START Material provided
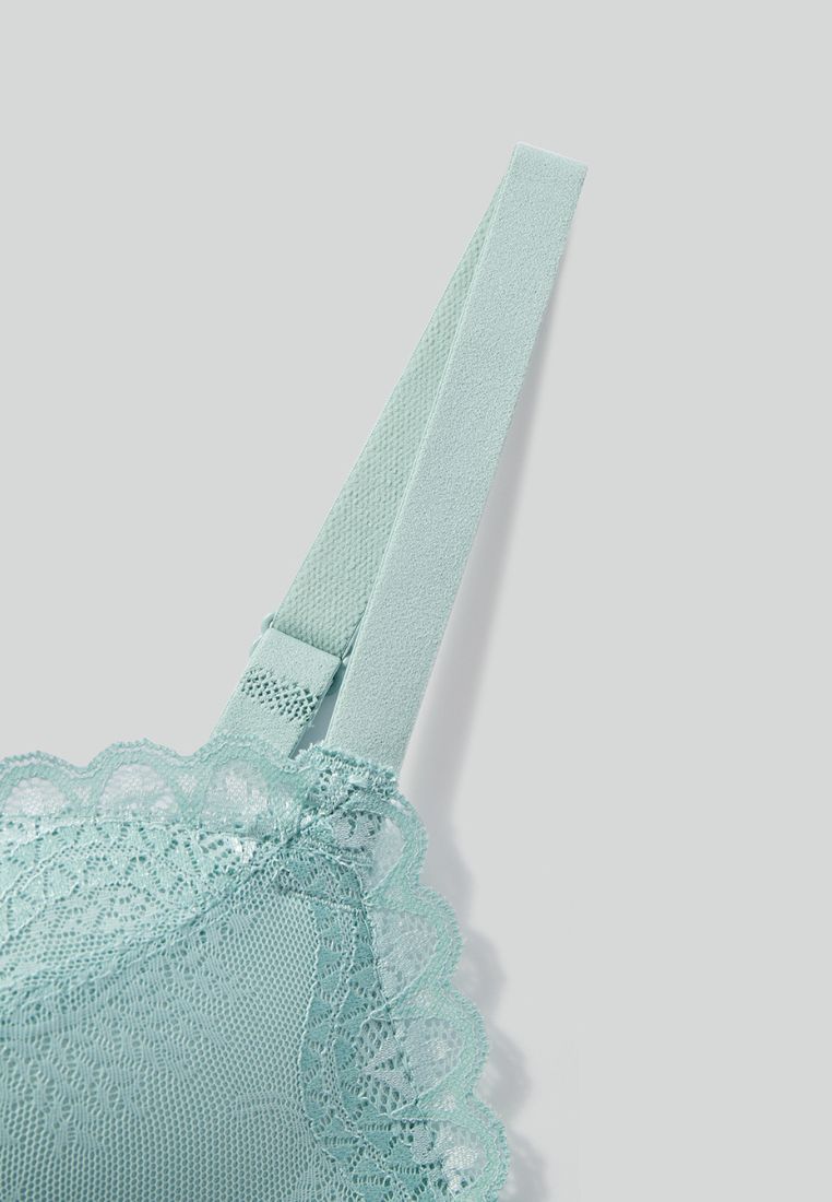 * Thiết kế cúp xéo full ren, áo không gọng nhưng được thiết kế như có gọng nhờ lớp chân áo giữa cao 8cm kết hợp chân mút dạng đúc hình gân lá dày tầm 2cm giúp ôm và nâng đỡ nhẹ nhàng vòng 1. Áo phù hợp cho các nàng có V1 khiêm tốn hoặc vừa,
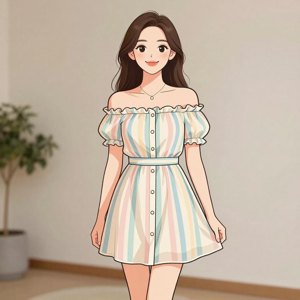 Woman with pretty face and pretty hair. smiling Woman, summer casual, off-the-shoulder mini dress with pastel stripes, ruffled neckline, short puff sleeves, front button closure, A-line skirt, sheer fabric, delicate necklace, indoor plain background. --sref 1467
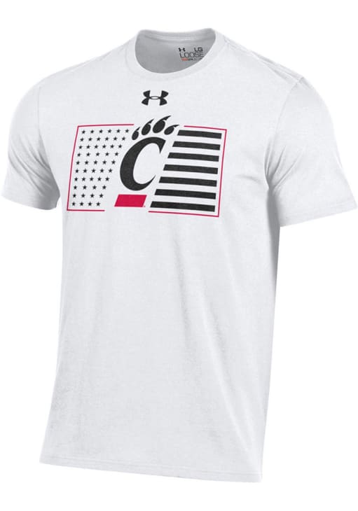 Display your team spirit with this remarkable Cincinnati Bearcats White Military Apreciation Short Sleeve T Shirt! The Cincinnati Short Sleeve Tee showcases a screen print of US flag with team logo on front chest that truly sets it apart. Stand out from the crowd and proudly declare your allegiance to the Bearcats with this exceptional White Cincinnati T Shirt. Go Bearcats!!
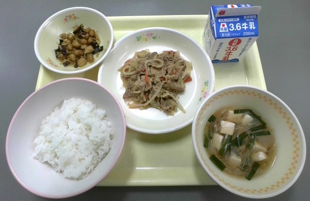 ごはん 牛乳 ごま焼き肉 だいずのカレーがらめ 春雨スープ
END Material provided
### [To do]
Having located the line with "Woman with pretty", transcribe exactly and only the lines from it to the final line of the material, skipping the pictures.

### [Exercise answer]
 Woman with pretty face and pretty hair. smiling Woman, summer casual, off-the-shoulder mini dress with pastel stripes, ruffled neckline, short puff sleeves, front button closure, A-line skirt, sheer fabric, delicate necklace, indoor plain background. --sref 1467
 Display your team spirit with this remarkable Cincinnati Bearcats White Military Apreciation Short Sleeve T Shirt! The Cincinnati Short Sleeve Tee showcases a screen print of US flag with team logo on front chest that truly sets it apart. Stand out from the crowd and proudly declare your allegiance to the Bearcats with this exceptional White Cincinnati T Shirt. Go Bearcats!!
 ごはん 牛乳 ごま焼き肉 だいずのカレーがらめ 春雨スープ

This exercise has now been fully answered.